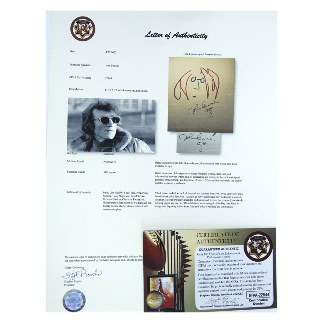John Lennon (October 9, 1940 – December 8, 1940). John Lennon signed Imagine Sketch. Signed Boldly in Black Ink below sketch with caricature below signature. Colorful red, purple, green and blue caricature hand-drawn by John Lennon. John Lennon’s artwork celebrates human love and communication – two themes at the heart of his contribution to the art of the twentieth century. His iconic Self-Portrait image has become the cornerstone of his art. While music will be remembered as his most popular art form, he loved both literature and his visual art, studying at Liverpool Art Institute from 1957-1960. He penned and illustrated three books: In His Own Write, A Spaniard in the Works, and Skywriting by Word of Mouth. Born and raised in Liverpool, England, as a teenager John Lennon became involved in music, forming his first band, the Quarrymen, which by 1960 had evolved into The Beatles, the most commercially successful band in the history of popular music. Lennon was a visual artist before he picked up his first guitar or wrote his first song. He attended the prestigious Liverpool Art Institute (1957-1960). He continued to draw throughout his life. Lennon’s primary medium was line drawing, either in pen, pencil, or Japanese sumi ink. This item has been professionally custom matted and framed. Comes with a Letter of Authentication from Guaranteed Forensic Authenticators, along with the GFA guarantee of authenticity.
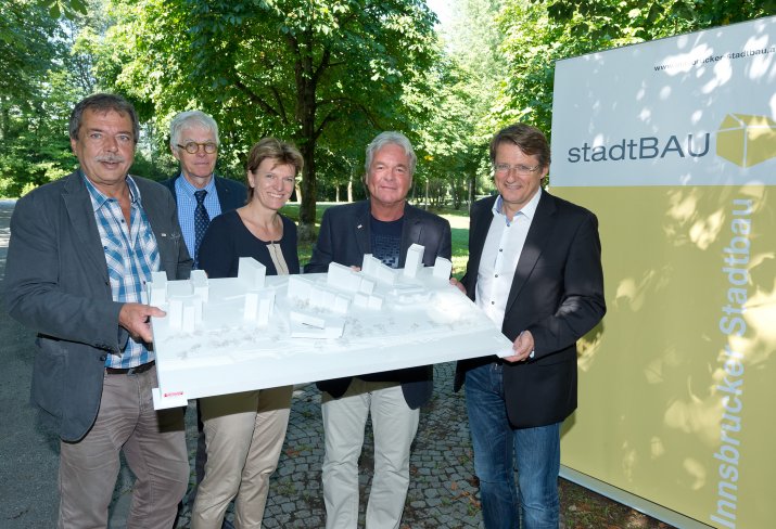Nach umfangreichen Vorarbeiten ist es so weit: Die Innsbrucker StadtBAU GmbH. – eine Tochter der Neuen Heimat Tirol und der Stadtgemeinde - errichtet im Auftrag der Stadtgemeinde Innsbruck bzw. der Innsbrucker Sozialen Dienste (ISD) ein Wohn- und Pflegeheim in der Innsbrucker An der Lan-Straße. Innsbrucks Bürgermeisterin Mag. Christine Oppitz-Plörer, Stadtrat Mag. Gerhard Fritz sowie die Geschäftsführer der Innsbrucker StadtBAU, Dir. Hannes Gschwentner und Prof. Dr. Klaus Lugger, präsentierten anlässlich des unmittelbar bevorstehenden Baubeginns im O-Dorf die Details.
---
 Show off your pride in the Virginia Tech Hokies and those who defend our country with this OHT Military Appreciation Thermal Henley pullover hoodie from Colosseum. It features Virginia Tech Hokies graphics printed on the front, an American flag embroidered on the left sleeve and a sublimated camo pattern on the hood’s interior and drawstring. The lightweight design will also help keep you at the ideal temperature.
---
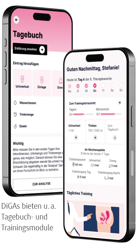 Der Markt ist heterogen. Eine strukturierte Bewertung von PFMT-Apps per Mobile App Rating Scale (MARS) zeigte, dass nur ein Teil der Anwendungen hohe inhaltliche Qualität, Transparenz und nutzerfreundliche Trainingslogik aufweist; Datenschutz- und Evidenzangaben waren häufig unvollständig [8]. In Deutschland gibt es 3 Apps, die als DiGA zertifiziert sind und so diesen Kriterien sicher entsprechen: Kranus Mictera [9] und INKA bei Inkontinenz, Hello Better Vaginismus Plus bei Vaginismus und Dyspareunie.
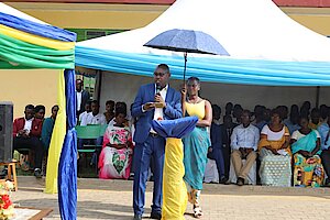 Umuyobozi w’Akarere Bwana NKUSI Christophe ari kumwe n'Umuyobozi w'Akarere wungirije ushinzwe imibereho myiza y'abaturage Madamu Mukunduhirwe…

● **WHAT IS REQUIRED**
Output exactly the lines of the listing above that start with the one holding "John Lennon (October" and go on through the one holding "Nach umfangreichen Vorarbeiten"; leave the pictures out.

● **SOLUTION TO THE EXERCISE**
John Lennon (October 9, 1940 – December 8, 1940). John Lennon signed Imagine Sketch. Signed Boldly in Black Ink below sketch with caricature below signature. Colorful red, purple, green and blue caricature hand-drawn by John Lennon. John Lennon’s artwork celebrates human love and communication – two themes at the heart of his contribution to the art of the twentieth century. His iconic Self-Portrait image has become the cornerstone of his art. While music will be remembered as his most popular art form, he loved both literature and his visual art, studying at Liverpool Art Institute from 1957-1960. He penned and illustrated three books: In His Own Write, A Spaniard in the Works, and Skywriting by Word of Mouth. Born and raised in Liverpool, England, as a teenager John Lennon became involved in music, forming his first band, the Quarrymen, which by 1960 had evolved into The Beatles, the most commercially successful band in the history of popular music. Lennon was a visual artist before he picked up his first guitar or wrote his first song. He attended the prestigious Liverpool Art Institute (1957-1960). He continued to draw throughout his life. Lennon’s primary medium was line drawing, either in pen, pencil, or Japanese sumi ink. This item has been professionally custom matted and framed. Comes with a Letter of Authentication from Guaranteed Forensic Authenticators, along with the GFA guarantee of authenticity.
Nach umfangreichen Vorarbeiten ist es so weit: Die Innsbrucker StadtBAU GmbH. – eine Tochter der Neuen Heimat Tirol und der Stadtgemeinde - errichtet im Auftrag der Stadtgemeinde Innsbruck bzw. der Innsbrucker Sozialen Dienste (ISD) ein Wohn- und Pflegeheim in der Innsbrucker An der Lan-Straße. Innsbrucks Bürgermeisterin Mag. Christine Oppitz-Plörer, Stadtrat Mag. Gerhard Fritz sowie die Geschäftsführer der Innsbrucker StadtBAU, Dir. Hannes Gschwentner und Prof. Dr. Klaus Lugger, präsentierten anlässlich des unmittelbar bevorstehenden Baubeginns im O-Dorf die Details.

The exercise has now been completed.